In nearly every case, as Freud eventually found reason to believe,
a primary lesion of the sexual emotions dates from the period of puberty
and frequently of childhood, and in nearly every case the intimately
private nature of the lesion causes it to be carefully hidden from
everyone, and even to be unacknowledged by the subject of it. In the
earlier cases Breuer and Freud found that a slight degree of hypnosis is
necessary to bring the lesion into consciousness, and the accuracy of the
revelations thus obtained has been tested by independent witness. Freud
has, however, long abandoned the induction of any degree of hypnosis; he
simply tries to arrange that the patient shall feel absolutely free to
tell her own story, and so proceeds from the surface downwards, slowly
finding and piecing together such essential fragments of the history as
may be recovered, in the same way he remarks, as the archaeologist
excavates below the surface and recovers and puts together the fragments
of an antique statue.

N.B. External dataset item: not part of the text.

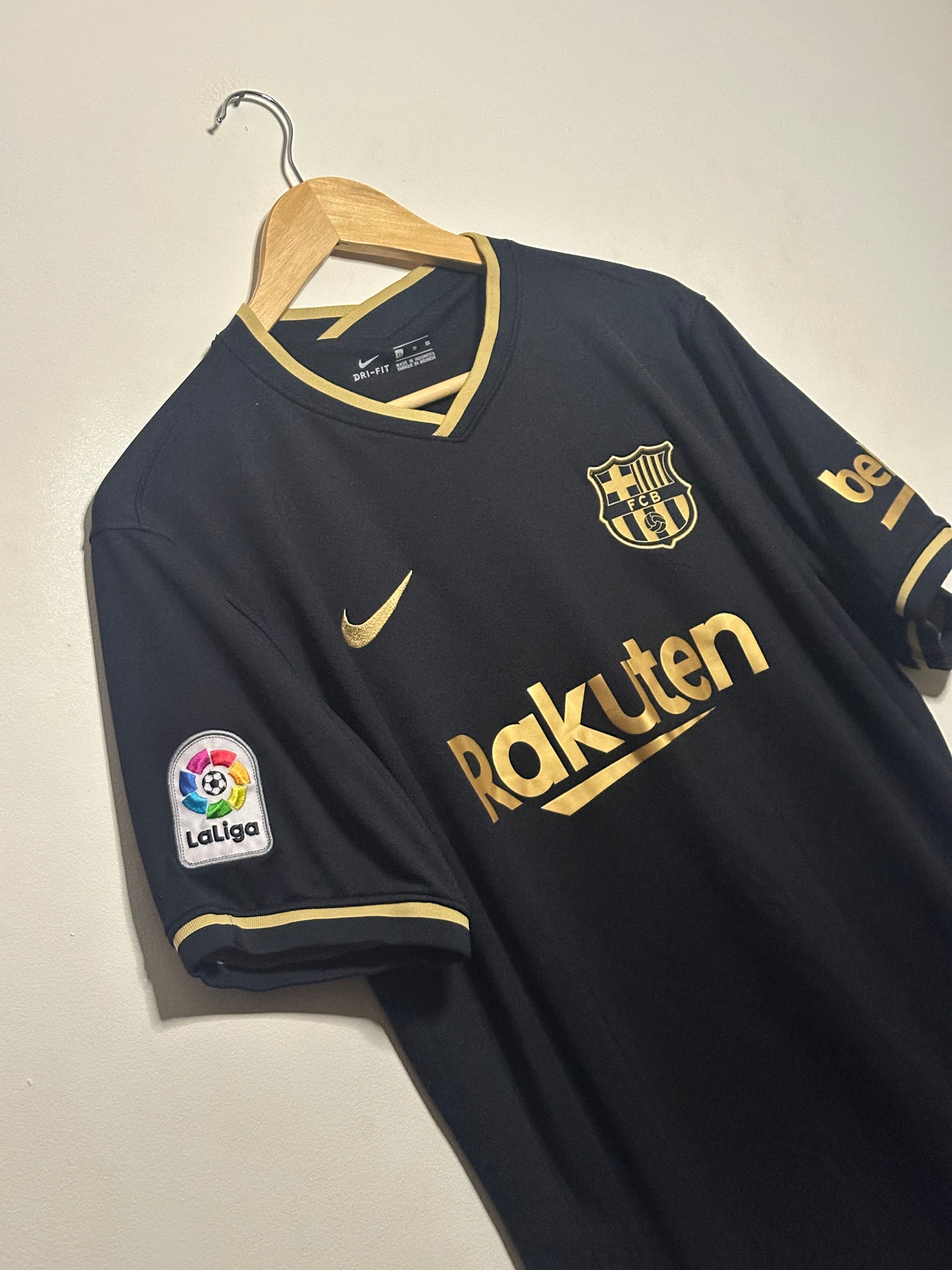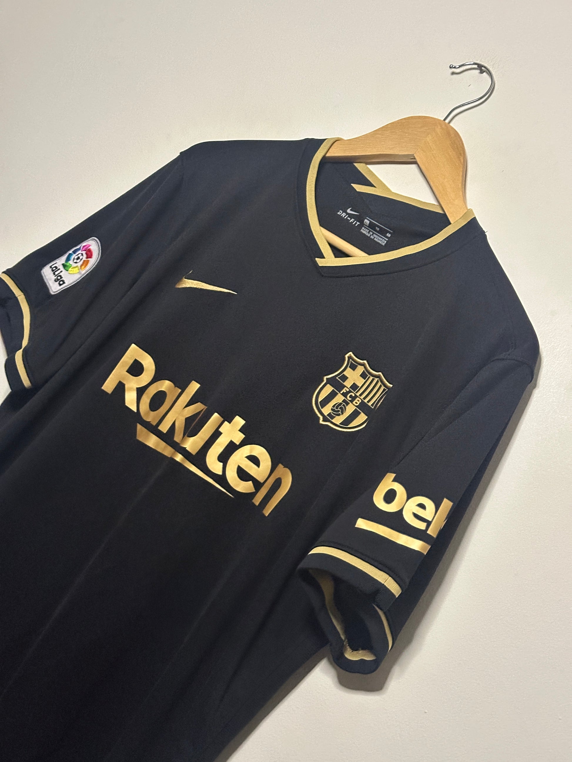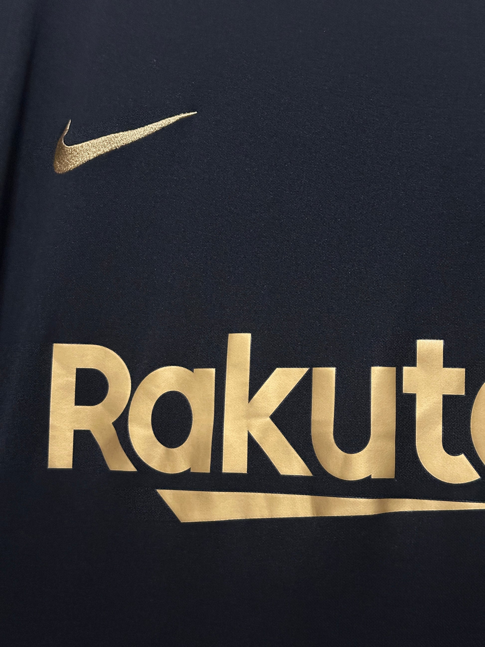 Lionel Messi's final Barcelona chapter, captured in this extraordinary Nike away shirt from the 2020-21 season. This is a piece of football history—a stunning, exceptionally rare garment that commemorates one of sport's greatest players in his last campaign at the club. The iconic blaugrana design meets Nike's premium craftsmanship, creating a collector's item with genuine wow factor. Own a tangible memory of a legendary era.

Much of the material found, however, has only a
symbolic value requiring interpretation and is sometimes pure fantasy.
Freud now attaches great importance to dreams as symbolically representing
much in the subject's mental history which is otherwise difficult to
reach.[275] The subtle and slender clues which Freud frequently follows in
interpreting dreams cannot fail sometimes to arouse doubt in his readers'
minds, but he certainly seems to have been often successful in thus
reaching latent facts in consciousness.